What I suggest is to write and keep updated a wiki about NCUC with all the
necessary information formulated in a simple and easy to understand way. It
should also include updated sections on specific working groups including
who is working and what and timelines, etc. and links to discussions that
are going on and even videos and other stuff when possible.

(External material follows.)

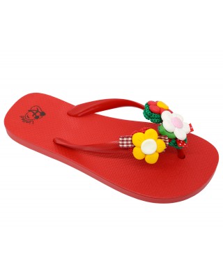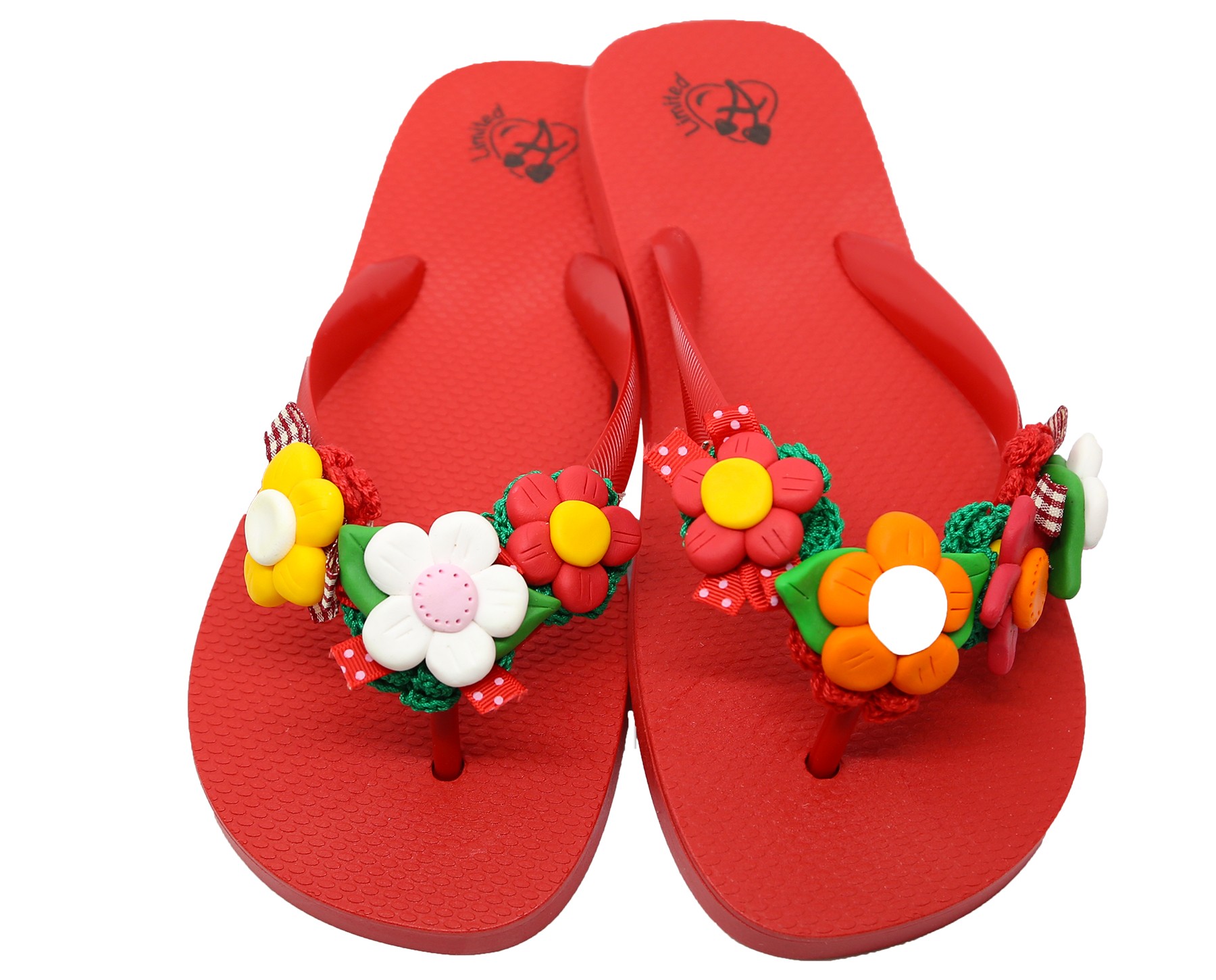 Ciabattina infradito rossa con decori interamente realizzati ed applicati a mano in pasta di fimo.

Secondly, I suggest developing an electronic form (Google form perhaps) to
be filled by every new NCUC member and those who are still trying to have a
role. The survey should be simple yet comperhensive enough to know:
1) How well does the member know about NCUC and ICANN
2) What motivated him/her to join NCUC
3) Which areas or working groups already active within NCSG (to be listed
and linked to their corresponding sections in the wiki) are most appealing
to him/her
4) What particular new ideas or initiatives could the new member bring to
NCUC
5) How much time (in hours per week/month) could he put in voluntary work
to support NCUC within the areas answered in (3) above
6) Whether he/she would need mentorship or could suffice with the
introductory meeting and documentation
7) Any other thoughts about engagement in NCUC
I welcome your comments about the above and I sincerely hope that this
could be a turning point to the better for NCUC's engagement efforts.
Sincerely,
Walid
On Nov 14, 2014 4:21 PM, "William Drake" <wjdrake at gmail.com> wrote:
> Hi
>
> *Another long message alert*
>
> As I work my way through a backlog of communications I’d now like to
> respond to the thread begun by Benjamin under the NCUC ELECTIONS 2014:
> NOMINATIONS OPEN 3 - 16 November heading.
>
> The entire ICANN community has long struggled to entice “new blood” into
> active *working* participation in its activities (as opposed to just
> showing up at meetings when funded etc). As a first step, we have often
> focused on outreach to potential new participants, especially in developing
> countries. When I was on the GNSO Council 2009-2112, Rafik, myself and a
> few others pushed a lot on this with business counterparts and the board,
> and often got fairly blank stares in return. A number of people worked on
> developing a cross-community Outreach Committee to coordinate efforts, but
> the Commercial Stakeholder Group killed that. Then when Fadi came in he
> hired all kinds of Stakeholder Engagement staff including regional VPs, and
> they sort of took over a lot of the outreach work on a fairly top-down
> basis (they even have regional strategic plans,
> https://community.icann.org/display/gsergnlstrtgcplns/Regional+Strategic+Plans-Final).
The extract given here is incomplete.